Questions tagged [greedy]

A greedy algorithm is an algorithm that follows the problem solving heuristic of making the locally optimal choice at each stage with the hope of finding a global optimum.

From Wikipedia:

A greedy algorithm is an algorithm that follows the problem solving heuristic of making the locally optimal choice at each stage with the hope of finding a global optimum. On some problems, a greedy strategy need not produce an optimal solution, but nonetheless a greedy heuristic may yield locally optimal solutions that approximate a global optimal solution.

For example, a greedy strategy for the traveling salesman problem (which is of a high computational complexity) is the following heuristic: "At each stage visit an unvisited city nearest to the current city". This heuristic need not find a best solution but terminates in a reasonable number of steps; finding an optimal solution typically requires unreasonably many steps. In mathematical optimization, greedy algorithms solve combinatorial problems having the properties of matroids.

Specifics

In general, greedy algorithms have five components:

  1. A candidate set, from which a solution is created
  2. A selection function, which chooses the best candidate to be added to the solution
  3. A feasibility function, that is used to determine if a candidate can be used to contribute to a solution
  4. An objective function, which assigns a value to a solution, or a partial solution, and
  5. A solution function, which will indicate when we have discovered a complete solution

Greedy algorithms produce good solutions on some mathematical problems, but not on others.
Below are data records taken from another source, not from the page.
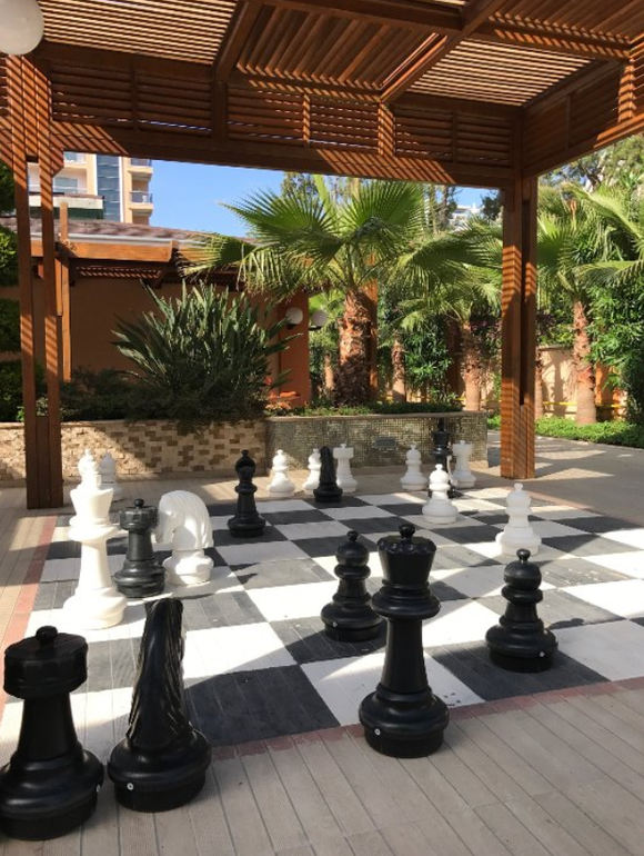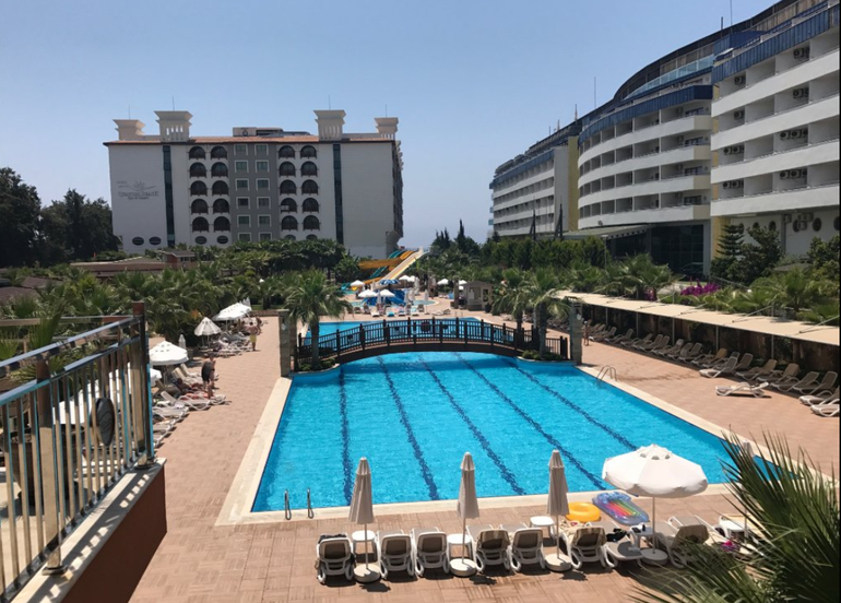 Территория отеля маленькая, но красивая, уютная и продуманная. Три бассейна: один глубокий, один с горками и третий детский. Возле бассейнов есть бар со спиртным.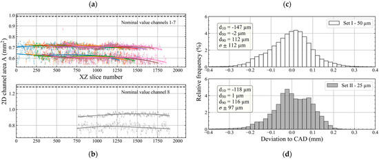 Evolution of the cross-section areas along the XZ direction of (a) channels 1 to 7, (b) channel 8. Deviation distribution obtained for the pressure drop specimen printed with parameter sets: (c) Set I, (d) Set II.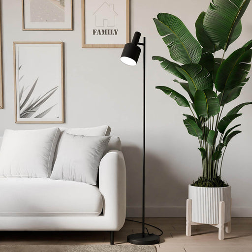 Modernisti muotoiltu mattamusta lattiavalaisin messinginvärisillä yksityiskohdilla. Suunnattava kupu antaa hyvää kohdevaloa sopien esimerkiksi oloh...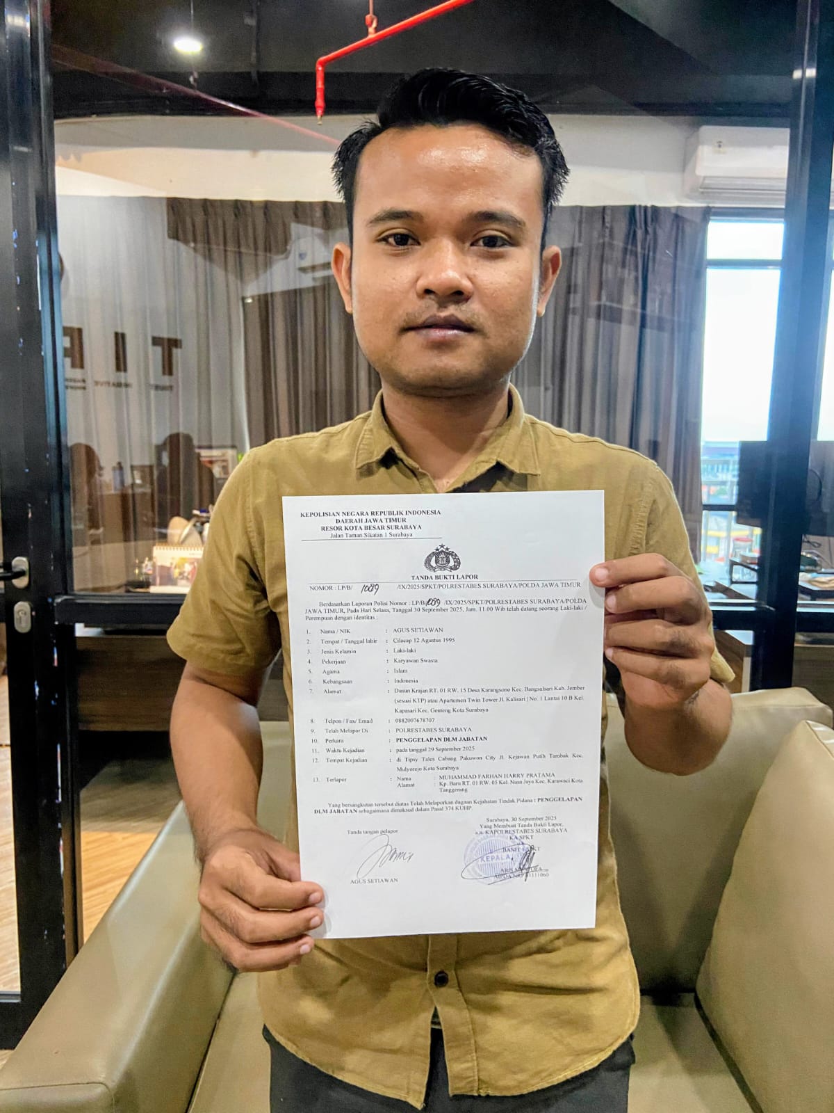 Kasus ini sudah dilaporkan ke Polrestabes Surabaya. Identitas pelaku telah dikantongi dan polisi kini tengah melakukan pengejaran. Tok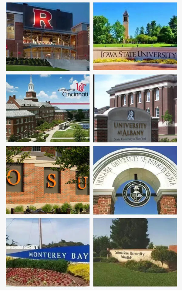 罗格斯大学、爱荷华州立大学、辛辛那提大学、俄克拉荷马州立大学、纽约州立奥尔巴尼大学、宾夕法尼亚印第安纳大学、加州州立蒙特利湾大学等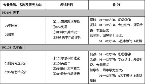 全日制藝術(shù)碩士(MFA)研究生招生專業(yè)方向和考試科目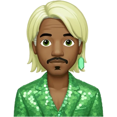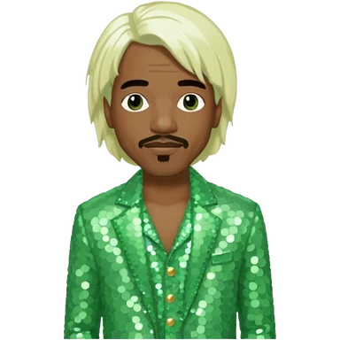 Andre 3000 from Outkast with long white blonde hair, pale green sequin outfit emoji

Most problems for which they work, will have two properties:

Greedy choice property

We can make whatever choice seems best at the moment and then solve the subproblems that arise later. The choice made by a greedy algorithm may depend on choices made so far but not on future choices or all the solutions to the subproblem. It iteratively makes one greedy choice after another, reducing each given problem into a smaller one. In other words, a greedy algorithm never reconsiders its choices. This is the main difference from dynamic programming, which is exhaustive and is guaranteed to find the solution. After every stage, dynamic programming makes decisions based on all the decisions made in the previous stage, and may reconsider the previous stage's algorithmic path to solution.

Optimal substructure

"A problem exhibits optimal substructure if an optimal solution to the problem contains optimal solutions to the sub-problems."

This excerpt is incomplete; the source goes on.